Des objectifs multiples

Cet AMI a pour ambition de remplir trois objectifs. Premièrement, spécifier le profil et les compétences attendues des médiateurs en santé communautaire, nouvel acteur à l’interface du soin, de la prévention et des populations mais aussi construire un référentiel de formation de base pour permettre d’assumer cette fonction dans les territoires isolés avec une approche communautaire renforcée. Deuxièmement, déployer le dispositif sur deux territoires isolés et spontanés pour évaluer sa faisabilité, les freins éventuels à lever et les conditions de réussite du dispositif. Et troisièmement, mesurer l’impact de l’installation d’un pool de médiateurs en santé communautaire en Guyane d’ici à 2030. Tout cela dans le but d’apporter une réponse aux spécificités du territoire en matière de santé.
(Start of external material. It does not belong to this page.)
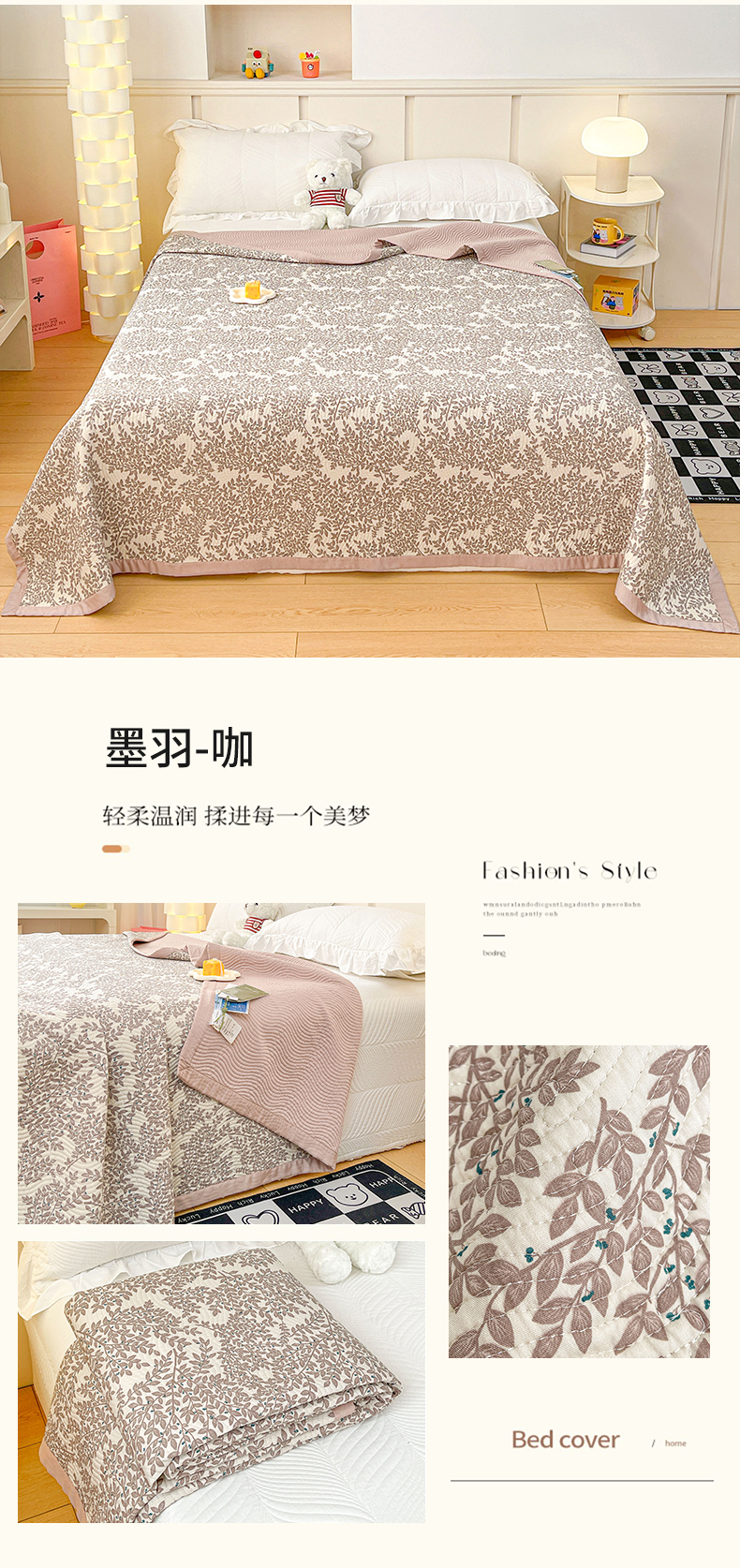 商品名称:OL家纺 2024新款单品天丝双面直角床盖 墨羽-咖

À savoir un manque de sensibilisation des populations aux questions de santé publique et environnementale, un phénomène de renoncement aux soins et de dégradation des états de santé voire d’aggravation de certaines pathologies, des retards de prise en charge importants liés à des diagnostics tardifs, une faible mobilisation de leurs droits par les personnes en général, et de leur couverture sociale en particulier, et des situations de risques amplifiés (exposition aux métaux lourds, addictions, IST, grossesses précoces). Car c’est bien le développement de la prévention et des soins qui est au cœur de ce projet expérimental.